Le Dossier M vient après un long silence. Grégoire Bouillier est l’auteur de trois petits livres troublants – Rapport sur moi, L’Invité mystère, Cap Canaveral, tous chez Allia – qui parlaient sans voile de lui et de ses proches, au risque du scandale. A la suite d’une rupture et d’un suicide, il «en a pris pour dix ans». Dix ans, comme Ulysse au retour d’Ithaque. Au bout de cette décennie d’enfermement intérieur, c’est la libération, une bonde s’ouvre et les mots déferlent, leur effet torrentiel accru par des italiques et des majuscules qui en exaltent l’oralité. Il y en a trop, de ces mots, mais ils font un effet jubilatoire.

Je t’aime, moi non plus

Mais qui est M, l’objet du «dossier»? M comme moi, miroir, miasmes, malheur, maman… et surtout comme M, une héritière anglaise, qu’il faut attendre pendant près de trois cents pages et dont on ne saura pas grand-chose, excepté quelques dizaines de SMS, transcrits comme preuve de ses sentiments à elle. Elle est fiancée à un homme d’affaires que, prétend ce promis, ses parents à elle «aiment trop pour qu’elle le quitte». Seize ans la séparent de l’auteur, ça le préoccupe, il est soucieux des chiffres et des dates. Il finit par mettre fin à cette passion mortifère, du coup, elle est prête à se donner, ils se manquent par accident, bref, c’est l’amour dans ses atours éternels: je t’aime, moi non plus.
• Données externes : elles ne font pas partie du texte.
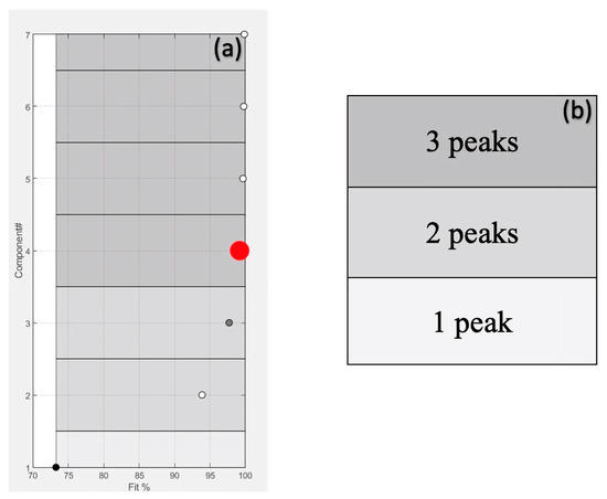 The workflow in PARADISe starts by determining the right number of components to include in the PARAFAC2 modelling. In this study, the number of explored factors ranged from 1 to 7, and the maximum number of iterations to reach convergence was set as equal to 3000 (default parameter). The first used criterium was to select the smallest number of components that resolve the highest number of peaks [21] and, at the same time, describe the maximum variance (Fit %). To achieve this, PARADISe utilises a machine learning routine that can identify chromatographic peaks. However, the final decision of the number of components to be used for peak integration and for generating the report is due to the user. For the sake of clarity, in Figure 2, an example of the graphical interface is reported, which summarised the information used for modelling one of the selected intervals (retention time, Rt from 24.87 to 25.06 min) considered in this study. The box in Figure 2a reports the explained variance (Fit%) for each PARAFAC2 model as a function of the number of components. The intensity of the grey colour (Figure 2b) is due to the number of peaks resolved by the respective components. The TIC signals of the selected interval and the resolved components by the model are reported in Figure 2c,d, respectively. From the box of Figure 2d, the user can evaluate and choose the components that effectively represent the chromatographic peaks. In the reported example, four components are selected to build the model since they are the best compromise in terms of explained variance and number of resolved compounds (Figure 2a,d). From the investigation of Figure 2d, three of these components correspond to chromatographic peaks (purple, yellow, and red signals) and one (blue signal) represents the baseline. Finally, the peaks are putatively identified, comparing the resolved mass spectra with the spectra in the available libraries (NIST 08 and Wiley 275), to be 2-pentyl-furan, ethyl hexanoate, and octanal, respectively.

Cette rupture le laisse «dans un drôle d’état», autrement dit dans une dépression profonde. L’histoire avec M a lieu en 2004. En 2005, l’auteur a une liaison anodine avec une voisine de palier, à la suite de quoi Julien, le mari, se suicide d’une manière théâtrale, sordide, accusatrice, les laissant tous deux avec le poids de la culpabilité. Le thème du suicide est récurrent chez Bouillier – les tentatives de la mère dans Rapport sur moi et ici, de nombreux exemples pris dans la littérature. Qui plus est, Le Dossier M s’ouvre sur la mort volontaire de Carlos Casagemas, le compagnon à Paris du jeune Picasso, dont le geste «gela» pour un temps en «période bleue» l’œuvre de son ami. Le suicide de Julien, lui, ponctue tout le Dossier.

Des pépites

Ce livre qui ne parle que de mort n’est en rien mortifère. Il est porté par un mouvement qui entraîne de page en page. Il y a quand même des tunnels qui incitent à l’ellipse – les pages d’hommage à la charmante actrice Ali MacGraw, idole de ses 12 ans, par exemple –, mais on risque alors de manquer des pépites dans ce terrain aurifère. Et des enchaînements subtils: la mémoire de l’auteur fonctionne de manière proustienne – voir le passage fabuleux sur la rue Tronchet, Flaubert et lui-même; ou celui sur la carabine de ses 10 ans et l’oiseau mort; et encore le saut temporel qui mène d’Ali MacGraw à M.

En épigraphe figure une citation de John Coltrane: «Je pars d’un point et je vais jusqu’au bout.» Il y a aussi quelque chose de cette fluidité dans la phrase de Bouillier. Il n’est pas au bout, apparemment, puisque huit cents autres pages attendent, et que d’autres sont à disposition sur le site. Ne boudons pas notre plaisir.


Grégoire Bouillier est l’invité de la Librairie le Rameau d’or (bd Georges-Favon 17, à Genève), le 14 octobre à 17h30, pour une rencontre avec le public.


Grégoire Bouillier, «Le Dossier M». Livre 1, Flammarion, 876 p.